Brussels Convention and English conflict of laws

Title: Making use of relevant case law (where available) explain and discuss how, and to what extent, the old Brussels Convention and the new Council regulation have affected and altered the traditional rules of English conflict of Laws in relation to issues of jurisdiction arising from specific in personal contracts

I. Introduction

When a contract is put under examination by the English Courts (in case that a dispute has arisen regarding its content or its validity), it may be found to contain foreign elements that could be as an example: a) the nationality of one or both of the parties (one of both of them may be foreigners) or b) the construction or the content of the contract may be connected with a number of foreign countries. In such a case the Court must decide on the law governing this ‘international’ contract. The decision for this law (‘proper’ or ‘applicable’ law) belong primarily to the parties who should include in their contract which law they desire to be applied in the case that a dispute appears, i.e. which would be the desired applicable law. It is possible that in the contractual agreement there is no such a provision. In that case the governing law of the contract will be the law of the country with which the ‘contract is most closely connected’ (C.M.V. Clarkson, J. Hill, 2002, 198)

Since the introduction of the Convention of Rome of 1980, the role of the national legislations of the member states on the field of contractual obligations has been limited. Recently, the Rome Convention on the Law Applicable to Contractual Obligations (as it has been constructed under the influence of the ‘old’ Brussels Convention of 1968) has become the basic legislation that is applied in this area replacing the traditional rules of English common law. The above Convention applies according to the article 1 (1) to the contractual obligations that involve a ‘choice of laws between different countries’.

Besides to the above legislation, as it is applied in the United Kingdom, there are two other ‘legislative tools’ that refer specifically to the definition of jurisdiction in disputes concerning Civil and Commercial matters. The first one is the 1968 Brussels Convention (as it is mentioned above) on Jurisdiction and the Enforcement of Judgments in Civil and Commercial matters and the second is the EU Council Regulation No 44/2001 on Jurisdiction and the Recognition and enforcement of judgments in Civil and Commercial matters.

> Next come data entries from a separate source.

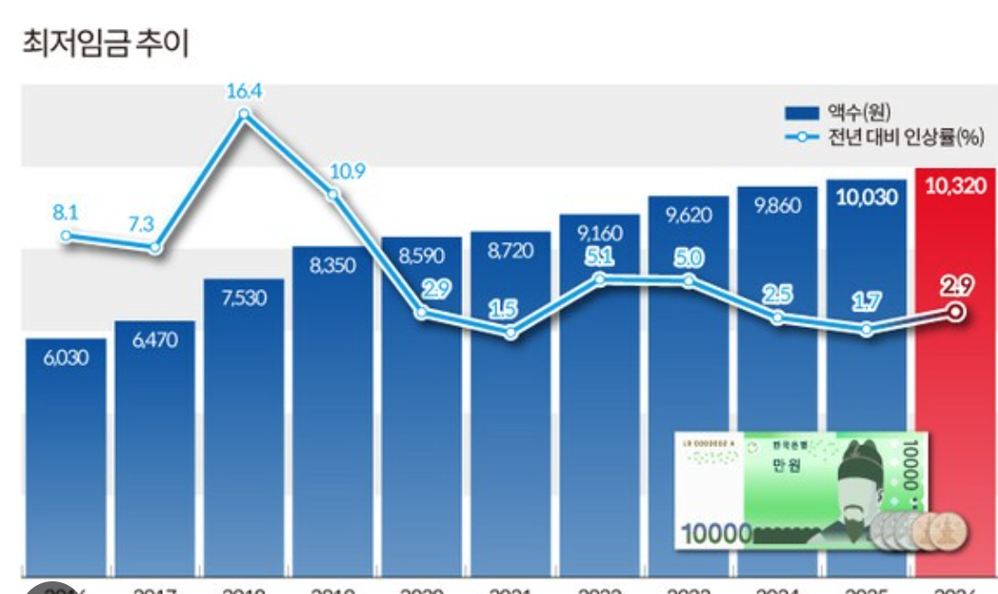 2026년부터 적용되는 최저임금이 시간당 10,320원으로 확정됐습니다.
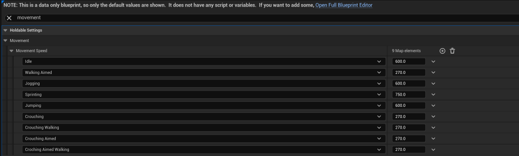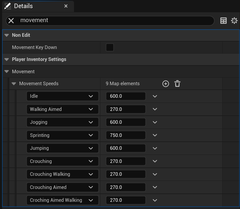 To change the movement speed settings in SGKv1 go to the BP_PlayerInventoryComponent, then go to the Class Default and search for Movement and you should find the settings shown in the image below, here you can set the movement speeds for each player state.
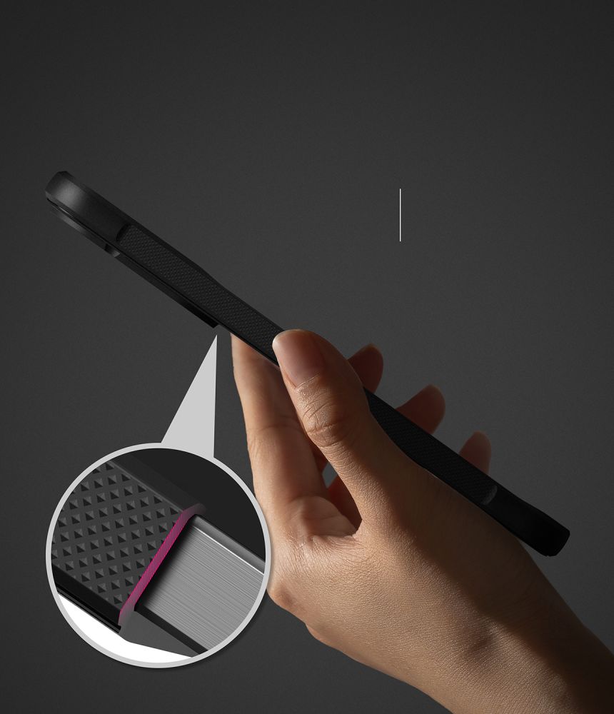 Detta Onyx-skal från Ringke har militärklassad (Military Grade) stöttålighet, höjda kanter runt skärm och kamera samt genomtänkta detaljer som integrerade knappar och precisa utskärningar för portar. De sträva sidorna ger trygg hantering och särskilda fästpunkter gör det enkelt att ansluta en rem eller ett litet tillbehör.
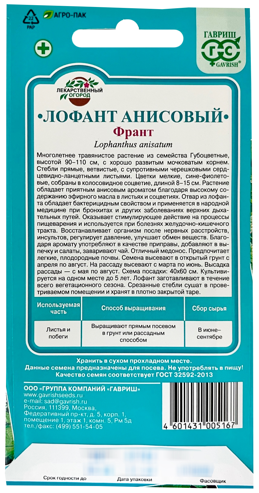 Лофант анисовый Франт ГАВРИШМноголетнее травянистое растение из семейства Губоцветные, высотой 90-110 см, с хорошо развитым мочковатым корнем. Стебли прямые, ветвистые, с супротивными черешковыми сердцевидно-ланцетными листьями. Цветки мелкие, сине-фиолетовые, собраны в колосовидное соцветие, длиной 8-15 см. Растение обладает приятным анисовым ароматом благодаря высокому содержанию эфирного масла в листьях и соцветиях. Отвар из лофанта обладает бактерицидным свойством и применяется в народной медицине при бронхитах и других заболеваниях верхних дыхательных путей. Оказывает стимулирующее действие на процессы пищеварения и используется при болезнях желудочно-кишечного тракта. Восстанавливает организм после нервных расстройств, инсультов, регулирует давление, улучшает обмен веществ. Благодаря аромату употребляют в качестве приправы, добавляют в выпечку и салаты, заваривают чай. Отличный медонос. Предпочитает легкие, плодородные почвы. Семена высевают в открытый грунт с апреля по август. На рассаду высевают с марта по июнь. Высадка рассады - с мая по август. Схема посадки: 40х60 см. Культивируется на одном месте до 5 лет. Лофант заготавливают в течение всего вегетационного сезона. Срезанные стебли сушат в проветриваемом помещении и хранят в плотно закрытой таре.

Under the above rules, this paper examines the influence that the Brussels Convention and the 44/2001 Council Regulation have to the traditional rules of English conflict of laws with particular reference to the problems that tend to appear regarding the choice of jurisdiction for the disputes concerning personal contracts. The presentation of the theories that have been stated regarding the above issue has been backed by relevant case law wherever this was available.

II. Personal contracts with international character as they are treated by the traditional rules of English conflict of laws

a. Defining the conflict of Laws in accordance with the British legal rules

The conflict of laws has been recognized as a ‘part of the private law of a particular country which deals with cases having a foreign element’ (J.H.C. Morris, D. McClean, 2000, 2). Another term for the conflict of laws could be the ‘private international law’. Under the scope of the English rules of conflict of laws, the term ‘foreign element’ (as part of the above definition) means that there is a relation with the law system, which is different from that of the ‘forum’. As examples of such ‘foreign elements’ Morris and McClean (2000, 2) mention the following ‘facts’ (regarding especially the area of contracts): a contract was made with a foreigner or was to be performed in a foreign country, or one of the parties is not English’. Of particular importance is the fact that the rules of the conflict of laws that are currently applied in England are not similar with the relevant rules of any other country (primarily because of the difference of the practices and theory of common law from that of the civil law and also because of the changes that the rules of common law have suffered amongst the countries where the latter is applied).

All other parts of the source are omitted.